I don’t see $OPEN as just another project trying to attach crypto to AI. For me, $OPEN is more interesting because it is asking a harder question: what happens when AI becomes valuable, but the data and people behind that value stay invisible?
Right now, most AI systems still feel very centralized. Data is collected, models are trained, products are launched, and value usually moves upward to the biggest platforms. OpenLedger is trying to challenge that with its Proof of Attribution model, where data, models, and AI contributions can be traced and rewarded instead of disappearing inside a closed system. Binance Research describes OpenLedger’s Proof of Attribution as an on-chain system that identifies how data influences model outputs and compensates contributors in $OPEN.
That idea matters because the future of AI may not only be about bigger models. It may be about ownership, permission, and fair value flow. If AI agents, datasets, and specialized models become part of the digital economy, then someone has to answer the basic questions: who contributed the data, who owns the model layer, and who deserves payment when intelligence creates value?
This is why the Story Protocol collaboration also caught my attention.
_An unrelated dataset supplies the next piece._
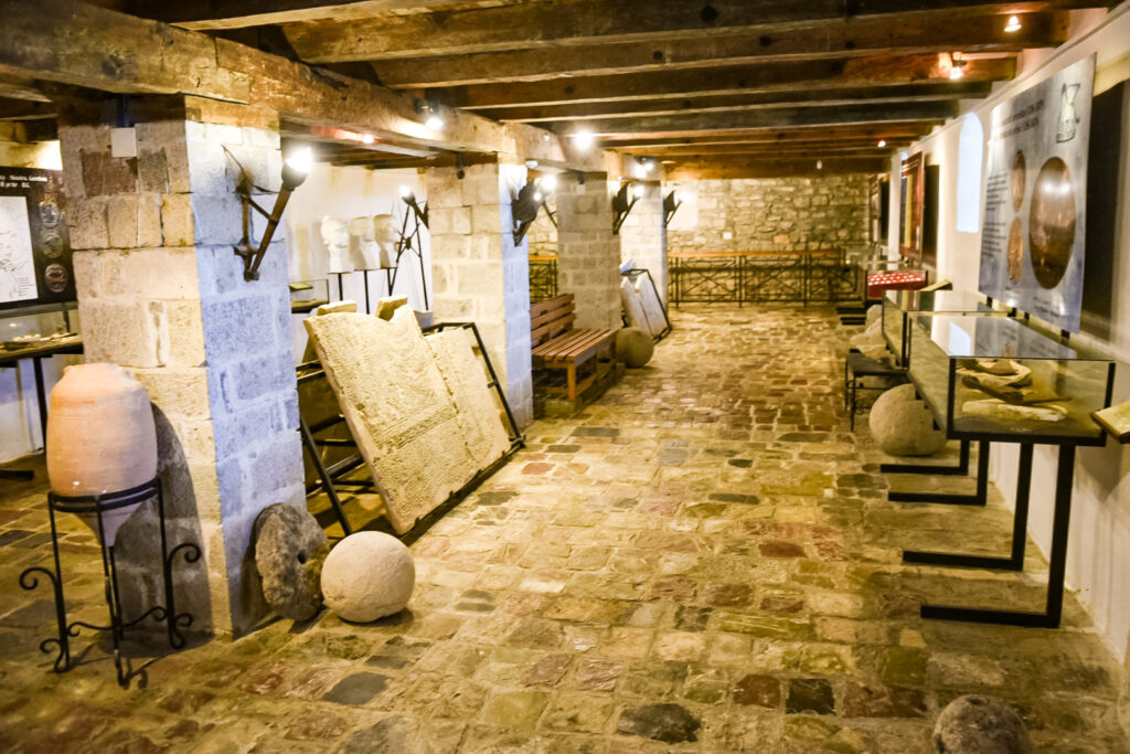 We enter an administrative building that has been turned into a museum. The walls are five feet thick. The little windows lets a glimpse of light in. As we walk down the stone pathway, a narrow trench made of stone, is the exposed sewer system. To the left is a pedestrian walkway adjacent to the cobblestone cart path. The stones are worn smooth with the passage of time. The sound of the call to prayer can be heard echoing and filtering through the canyon.

Their January 2026 standard focuses on rights-cleared AI training and automatic creator payments, which connects directly with the bigger problem of legal data usage and IP ownership in AI.
Still, I’m not blindly bullish. OpenLedger is building for a future that is not fully here yet. Most users still choose convenience over decentralization, and big AI companies still control the strongest models, compute, and distribution. So the real test for $OPEN is whether its attribution and reward system can become useful enough that builders actually need it, not just like the idea of it.
But that is also why I keep watching it. @OpenLedger feels like a project preparing for a world where AI data becomes economic infrastructure. Maybe that world takes time. Maybe it arrives unevenly. But if intelligence becomes programmable, then transparency, ownership, and attribution will matter a lot more than people think today.